On developing India as manufacturing hub, Bali said, "India needs to be a manufacturing hub as we don't have an option. We have 1.4 billion people to feed; we need to be self-reliant. We need to create 90 million more jobs by 2030 and just services and agriculture cannot do it alone." He further stated that it is essential to look at manufacturing in a big way, as far as rebalancing of the global value chain is concerned, thanks to COVID.

"Almost 4 trillion dollars of manufacturing is moving out of certain geographies today. Therefore 20 per cent of the shift happens towards India. Out of $4 trillion, our manufacturing which is about $400 billion today, will go to $1.2 trillion and in another two to three years' time, it will surely touch a $5 trillion economy. You will be exactly 25 per cent of GDP. So, as I look at the things, they are looking very well in terms of the whole setting and dynamics at the macro level."
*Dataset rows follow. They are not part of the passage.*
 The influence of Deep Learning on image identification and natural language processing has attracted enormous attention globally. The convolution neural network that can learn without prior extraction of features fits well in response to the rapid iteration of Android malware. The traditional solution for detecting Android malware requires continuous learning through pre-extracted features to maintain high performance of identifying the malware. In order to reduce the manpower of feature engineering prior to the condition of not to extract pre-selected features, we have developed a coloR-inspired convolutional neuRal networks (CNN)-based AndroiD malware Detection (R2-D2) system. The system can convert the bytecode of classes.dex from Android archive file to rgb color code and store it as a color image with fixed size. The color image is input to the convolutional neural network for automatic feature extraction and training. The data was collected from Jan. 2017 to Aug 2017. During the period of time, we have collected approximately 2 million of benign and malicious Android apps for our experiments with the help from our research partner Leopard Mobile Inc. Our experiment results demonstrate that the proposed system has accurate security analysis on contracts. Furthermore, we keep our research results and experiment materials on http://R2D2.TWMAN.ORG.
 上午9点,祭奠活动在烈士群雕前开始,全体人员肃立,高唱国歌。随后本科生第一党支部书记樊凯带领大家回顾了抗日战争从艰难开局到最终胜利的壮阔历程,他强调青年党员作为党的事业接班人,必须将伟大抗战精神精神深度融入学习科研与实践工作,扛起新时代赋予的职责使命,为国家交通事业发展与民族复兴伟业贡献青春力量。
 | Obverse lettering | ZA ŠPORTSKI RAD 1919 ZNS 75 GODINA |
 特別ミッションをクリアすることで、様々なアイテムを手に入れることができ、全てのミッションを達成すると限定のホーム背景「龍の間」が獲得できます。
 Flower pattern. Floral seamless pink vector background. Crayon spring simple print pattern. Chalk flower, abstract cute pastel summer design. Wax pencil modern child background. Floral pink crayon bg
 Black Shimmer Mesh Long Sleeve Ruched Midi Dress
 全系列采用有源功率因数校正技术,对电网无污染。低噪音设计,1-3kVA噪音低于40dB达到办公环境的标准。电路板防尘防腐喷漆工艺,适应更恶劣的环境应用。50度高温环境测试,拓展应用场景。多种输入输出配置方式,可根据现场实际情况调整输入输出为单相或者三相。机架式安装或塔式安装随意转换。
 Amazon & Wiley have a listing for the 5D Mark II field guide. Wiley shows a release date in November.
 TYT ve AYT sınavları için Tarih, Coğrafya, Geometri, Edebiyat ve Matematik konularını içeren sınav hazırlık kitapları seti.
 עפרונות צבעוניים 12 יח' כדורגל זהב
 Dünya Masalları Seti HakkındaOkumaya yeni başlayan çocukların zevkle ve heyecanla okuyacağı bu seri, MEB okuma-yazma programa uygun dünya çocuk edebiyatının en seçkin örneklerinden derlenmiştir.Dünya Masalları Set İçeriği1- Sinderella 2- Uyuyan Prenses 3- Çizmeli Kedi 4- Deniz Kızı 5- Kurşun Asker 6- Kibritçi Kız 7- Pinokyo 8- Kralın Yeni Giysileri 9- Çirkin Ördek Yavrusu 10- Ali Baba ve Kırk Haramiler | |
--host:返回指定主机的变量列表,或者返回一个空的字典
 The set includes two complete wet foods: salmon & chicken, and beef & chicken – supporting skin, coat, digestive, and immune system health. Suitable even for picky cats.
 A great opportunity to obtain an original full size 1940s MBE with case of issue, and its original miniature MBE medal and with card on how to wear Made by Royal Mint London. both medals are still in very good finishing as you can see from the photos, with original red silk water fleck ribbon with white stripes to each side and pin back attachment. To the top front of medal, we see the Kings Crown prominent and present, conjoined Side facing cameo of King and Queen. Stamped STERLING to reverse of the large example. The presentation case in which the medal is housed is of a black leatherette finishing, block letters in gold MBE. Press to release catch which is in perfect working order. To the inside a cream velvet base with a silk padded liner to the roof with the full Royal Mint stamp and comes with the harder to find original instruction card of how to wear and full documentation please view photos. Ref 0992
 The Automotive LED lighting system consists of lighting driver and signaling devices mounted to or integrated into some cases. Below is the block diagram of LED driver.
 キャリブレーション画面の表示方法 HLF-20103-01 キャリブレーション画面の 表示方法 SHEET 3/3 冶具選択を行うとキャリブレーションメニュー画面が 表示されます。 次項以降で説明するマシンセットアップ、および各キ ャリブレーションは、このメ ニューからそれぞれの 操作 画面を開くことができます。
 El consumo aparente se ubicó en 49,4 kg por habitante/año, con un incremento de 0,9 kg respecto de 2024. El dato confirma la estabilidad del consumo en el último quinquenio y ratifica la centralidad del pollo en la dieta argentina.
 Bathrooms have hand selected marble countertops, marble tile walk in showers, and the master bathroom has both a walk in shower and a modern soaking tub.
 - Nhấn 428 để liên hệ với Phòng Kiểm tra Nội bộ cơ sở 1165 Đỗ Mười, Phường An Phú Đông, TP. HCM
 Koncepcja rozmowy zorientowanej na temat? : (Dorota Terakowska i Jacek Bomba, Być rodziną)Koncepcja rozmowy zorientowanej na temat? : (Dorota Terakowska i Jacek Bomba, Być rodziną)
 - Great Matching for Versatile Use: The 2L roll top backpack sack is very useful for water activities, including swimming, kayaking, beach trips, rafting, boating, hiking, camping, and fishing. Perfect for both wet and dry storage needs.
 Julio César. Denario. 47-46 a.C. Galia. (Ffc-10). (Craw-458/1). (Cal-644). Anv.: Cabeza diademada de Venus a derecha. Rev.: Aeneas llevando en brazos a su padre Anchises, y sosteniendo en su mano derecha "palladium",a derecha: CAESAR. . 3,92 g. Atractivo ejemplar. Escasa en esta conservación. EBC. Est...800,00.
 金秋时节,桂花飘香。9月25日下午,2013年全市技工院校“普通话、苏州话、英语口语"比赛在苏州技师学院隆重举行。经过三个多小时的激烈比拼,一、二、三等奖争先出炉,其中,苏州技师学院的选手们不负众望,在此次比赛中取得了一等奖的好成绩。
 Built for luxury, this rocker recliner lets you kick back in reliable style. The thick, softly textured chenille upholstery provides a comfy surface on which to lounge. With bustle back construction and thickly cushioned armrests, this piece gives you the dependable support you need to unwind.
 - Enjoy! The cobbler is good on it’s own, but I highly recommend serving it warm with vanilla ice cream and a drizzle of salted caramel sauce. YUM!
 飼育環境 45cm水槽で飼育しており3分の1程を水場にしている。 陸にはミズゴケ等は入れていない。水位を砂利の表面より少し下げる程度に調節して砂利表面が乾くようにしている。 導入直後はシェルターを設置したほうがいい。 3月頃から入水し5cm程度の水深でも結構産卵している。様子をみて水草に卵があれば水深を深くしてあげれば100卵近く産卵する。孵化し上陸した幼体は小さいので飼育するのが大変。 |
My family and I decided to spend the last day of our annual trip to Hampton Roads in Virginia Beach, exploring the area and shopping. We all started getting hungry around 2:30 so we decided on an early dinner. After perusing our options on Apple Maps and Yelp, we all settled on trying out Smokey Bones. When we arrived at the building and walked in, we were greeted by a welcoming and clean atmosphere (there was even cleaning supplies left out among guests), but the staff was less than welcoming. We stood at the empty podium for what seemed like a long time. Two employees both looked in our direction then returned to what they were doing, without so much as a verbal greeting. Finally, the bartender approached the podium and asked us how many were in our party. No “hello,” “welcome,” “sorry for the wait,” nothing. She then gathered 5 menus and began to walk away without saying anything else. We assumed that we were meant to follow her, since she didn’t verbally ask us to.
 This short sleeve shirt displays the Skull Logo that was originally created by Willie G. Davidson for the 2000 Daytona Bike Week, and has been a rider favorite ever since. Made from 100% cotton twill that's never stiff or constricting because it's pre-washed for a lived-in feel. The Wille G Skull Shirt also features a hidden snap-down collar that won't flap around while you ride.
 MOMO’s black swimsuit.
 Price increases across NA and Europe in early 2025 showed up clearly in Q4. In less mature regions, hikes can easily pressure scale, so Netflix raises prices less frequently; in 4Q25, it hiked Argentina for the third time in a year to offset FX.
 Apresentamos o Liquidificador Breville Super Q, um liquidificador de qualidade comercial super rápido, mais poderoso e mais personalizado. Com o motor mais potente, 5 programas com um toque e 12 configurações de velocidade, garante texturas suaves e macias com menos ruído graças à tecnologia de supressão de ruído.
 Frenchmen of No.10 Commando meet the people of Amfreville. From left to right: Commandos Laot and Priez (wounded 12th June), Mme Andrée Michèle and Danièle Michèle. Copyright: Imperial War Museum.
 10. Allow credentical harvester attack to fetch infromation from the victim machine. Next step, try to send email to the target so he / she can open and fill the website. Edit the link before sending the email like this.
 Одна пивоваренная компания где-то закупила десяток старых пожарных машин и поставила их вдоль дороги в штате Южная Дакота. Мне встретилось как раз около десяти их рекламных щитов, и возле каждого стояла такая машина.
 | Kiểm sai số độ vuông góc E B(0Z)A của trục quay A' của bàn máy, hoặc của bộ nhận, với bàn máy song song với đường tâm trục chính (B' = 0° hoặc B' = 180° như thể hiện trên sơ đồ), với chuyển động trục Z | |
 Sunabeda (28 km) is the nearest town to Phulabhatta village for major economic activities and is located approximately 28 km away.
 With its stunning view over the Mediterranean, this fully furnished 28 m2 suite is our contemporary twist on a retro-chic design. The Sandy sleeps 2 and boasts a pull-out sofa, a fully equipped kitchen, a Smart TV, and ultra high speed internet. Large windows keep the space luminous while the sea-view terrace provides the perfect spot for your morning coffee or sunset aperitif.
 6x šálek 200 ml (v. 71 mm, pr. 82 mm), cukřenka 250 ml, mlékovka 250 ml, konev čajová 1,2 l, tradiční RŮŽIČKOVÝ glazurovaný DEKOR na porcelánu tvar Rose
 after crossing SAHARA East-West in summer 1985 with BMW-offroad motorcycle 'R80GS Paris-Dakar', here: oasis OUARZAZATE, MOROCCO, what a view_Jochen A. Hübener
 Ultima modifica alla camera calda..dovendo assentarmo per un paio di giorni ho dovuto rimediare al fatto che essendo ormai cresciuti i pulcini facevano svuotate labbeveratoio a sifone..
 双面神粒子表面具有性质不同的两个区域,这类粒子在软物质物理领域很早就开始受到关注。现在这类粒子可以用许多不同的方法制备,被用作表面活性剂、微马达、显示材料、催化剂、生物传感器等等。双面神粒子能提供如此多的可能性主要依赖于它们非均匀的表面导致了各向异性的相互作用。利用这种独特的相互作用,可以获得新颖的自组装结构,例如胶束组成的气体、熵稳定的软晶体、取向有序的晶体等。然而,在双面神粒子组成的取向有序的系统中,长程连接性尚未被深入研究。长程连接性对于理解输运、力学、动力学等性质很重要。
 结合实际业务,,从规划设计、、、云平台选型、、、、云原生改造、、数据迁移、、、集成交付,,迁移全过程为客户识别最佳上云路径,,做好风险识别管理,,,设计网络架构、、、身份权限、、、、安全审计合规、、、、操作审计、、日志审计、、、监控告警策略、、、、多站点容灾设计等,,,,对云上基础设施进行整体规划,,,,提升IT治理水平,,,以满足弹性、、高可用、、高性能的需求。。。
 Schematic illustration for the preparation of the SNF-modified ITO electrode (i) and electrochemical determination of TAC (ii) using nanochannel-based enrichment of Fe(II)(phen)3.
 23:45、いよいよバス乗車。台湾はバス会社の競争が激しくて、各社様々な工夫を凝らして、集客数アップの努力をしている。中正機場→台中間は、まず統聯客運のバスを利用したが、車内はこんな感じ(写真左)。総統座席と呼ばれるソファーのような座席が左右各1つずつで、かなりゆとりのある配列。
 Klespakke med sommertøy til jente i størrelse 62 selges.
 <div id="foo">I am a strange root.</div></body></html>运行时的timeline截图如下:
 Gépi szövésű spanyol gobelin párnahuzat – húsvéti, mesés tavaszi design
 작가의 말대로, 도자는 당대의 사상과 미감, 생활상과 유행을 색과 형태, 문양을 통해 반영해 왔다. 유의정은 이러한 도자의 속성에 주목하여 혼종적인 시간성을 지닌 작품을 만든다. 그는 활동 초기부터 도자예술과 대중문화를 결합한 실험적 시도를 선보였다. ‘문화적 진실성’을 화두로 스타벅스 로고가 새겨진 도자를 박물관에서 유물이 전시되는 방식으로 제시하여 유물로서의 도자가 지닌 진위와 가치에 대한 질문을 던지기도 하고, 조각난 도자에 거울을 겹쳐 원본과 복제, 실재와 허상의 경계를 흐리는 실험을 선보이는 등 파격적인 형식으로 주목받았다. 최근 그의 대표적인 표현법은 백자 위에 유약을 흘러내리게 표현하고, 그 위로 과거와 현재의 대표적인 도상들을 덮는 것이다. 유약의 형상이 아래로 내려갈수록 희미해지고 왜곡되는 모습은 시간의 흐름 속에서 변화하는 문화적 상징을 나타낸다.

At the micro level, he pointed out three aspects. To begin with, "we need to look at achieving excellence in manufacturing through three buckets. The first bucket involves the domestic ecosystem, the second bucket is firm-level capacity and competitiveness, and the third bucket is the global ecosystem," said Bali.

He further noted that it is important to closely look at the domestic ecosystem. By this, "I mean ease of doing business, the cost of doing business, the speed of doing business, lack of Inspector Raj, among others. I think all of these must fit into the first bucket where we create a domestic ecosystem in terms of policies, infrastructure reforms which help the manufacturing." He further stated that the second part is critical and the most important one, as it involves the need for quality and Innovation. "I will add one more thing to it, which is partnerships because no one company can do the 360 degrees of what the customer wants. You will need more and more partnerships and collaborations to be able to do the 360 degrees," he added.

Along with culture, quality, and ecosystem, Bali also included competitiveness and MSME's as a part of the second bucket. The third piece according to him is the global ecosystem because manufacturing needs volumes and economies of scale. "If we tick these three boxes, I'm sure we will be there and soon India will be the Manufacturing Powerhouse of the world," he concluded.